Pictures stay out of the copy, and everything else in the data below is repeated exactly.

======== Exercise data ========

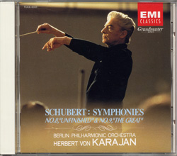 CD:EMI,TOCE-56185(2009.2.11.リリース) [カラヤン プレミアム2CDシリーズ 3] CD1 交響曲第5番変ロ長調 D.485 交響曲第6番ハ長調 D.589 「ロザムンデ」序曲 D.797 CD2 交響曲第7番(第8番)ロ短調 D.759「未完成」 交響曲第8番(第9番)ハ長調 D.944「グレート」
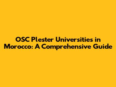 OSC Plester Universities In Morocco: A Comprehensive Guide
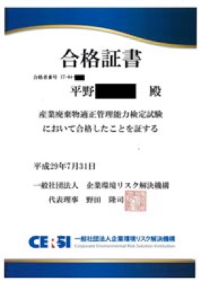 以前参加させて頂いた産業廃棄物管理担当者育成セミナーに引き続き、7/6に産業廃棄物適正管理能力検定を受験させて頂き、両2名とも合格しました。
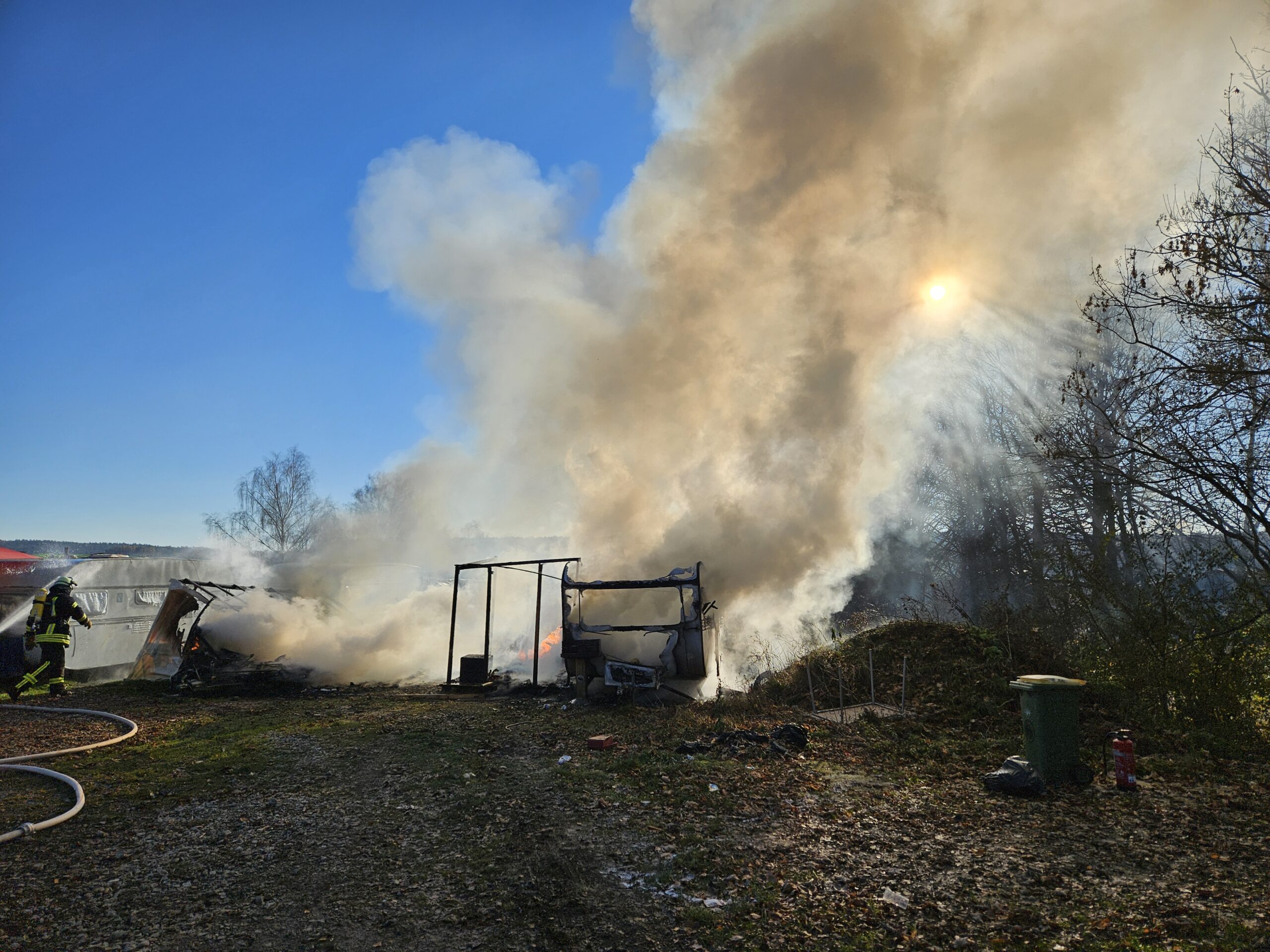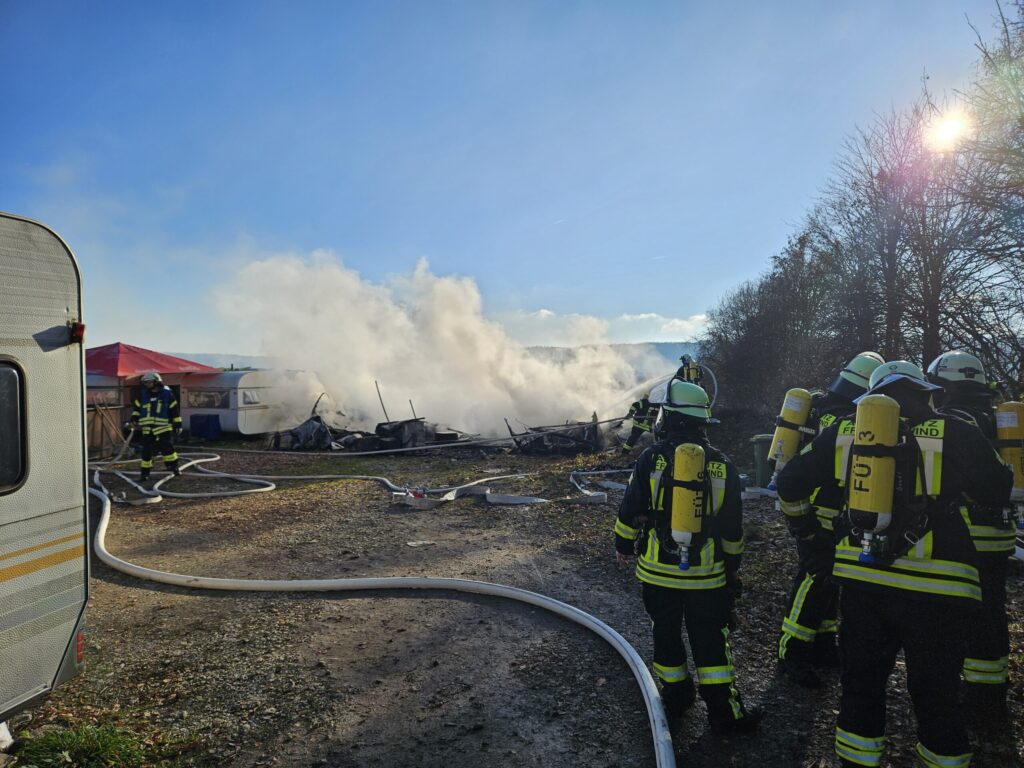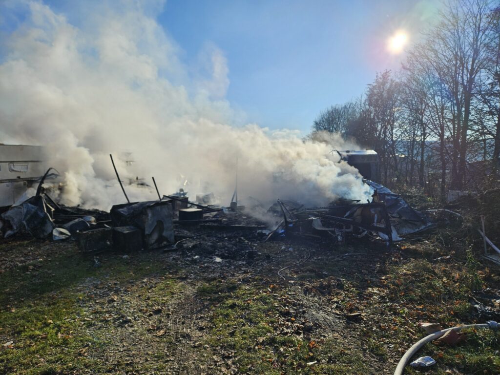 Zum zweiten Mal in diesem Jahr wurden wir zusammen mit der FF Füttersee zu einem Brand B3, Bus/LKW außerorts, ins Freizeitland Geiselwind alarmiert. Schon bei der Anfahrt war die stattliche Rauchsäule zu sehen. Beim Eintreffen an der Einsatzstelle brannten bereits mehrere Wohnwägen von Saison Arbeitern direkt neben dem Freizeitland. Von zwei Wohnwägen griff das Feuer noch auf zwei weitere über. Durch das rasche Eingreifen unserer Atemschutztrupps konnte eine weitere Brandausbreitung auf die nächsten Wohnbehausungen verhindert werden. Nach dem Ablöschen des Brandes wurde die Einsatzstelle noch mit einem Schaumteppich überzogen. Nach den Aufräumarbeiten konnte der Rückmarsch in den Stützpunkt angetreten werden, wo noch aufwendige Arbeiten anstanden.

========

### Output for this exercise:
 CD:EMI,TOCE-56185(2009.2.11.リリース) [カラヤン プレミアム2CDシリーズ 3] CD1 交響曲第5番変ロ長調 D.485 交響曲第6番ハ長調 D.589 「ロザムンデ」序曲 D.797 CD2 交響曲第7番(第8番)ロ短調 D.759「未完成」 交響曲第8番(第9番)ハ長調 D.944「グレート」
 OSC Plester Universities In Morocco: A Comprehensive Guide
 以前参加させて頂いた産業廃棄物管理担当者育成セミナーに引き続き、7/6に産業廃棄物適正管理能力検定を受験させて頂き、両2名とも合格しました。
 Zum zweiten Mal in diesem Jahr wurden wir zusammen mit der FF Füttersee zu einem Brand B3, Bus/LKW außerorts, ins Freizeitland Geiselwind alarmiert. Schon bei der Anfahrt war die stattliche Rauchsäule zu sehen. Beim Eintreffen an der Einsatzstelle brannten bereits mehrere Wohnwägen von Saison Arbeitern direkt neben dem Freizeitland. Von zwei Wohnwägen griff das Feuer noch auf zwei weitere über. Durch das rasche Eingreifen unserer Atemschutztrupps konnte eine weitere Brandausbreitung auf die nächsten Wohnbehausungen verhindert werden. Nach dem Ablöschen des Brandes wurde die Einsatzstelle noch mit einem Schaumteppich überzogen. Nach den Aufräumarbeiten konnte der Rückmarsch in den Stützpunkt angetreten werden, wo noch aufwendige Arbeiten anstanden.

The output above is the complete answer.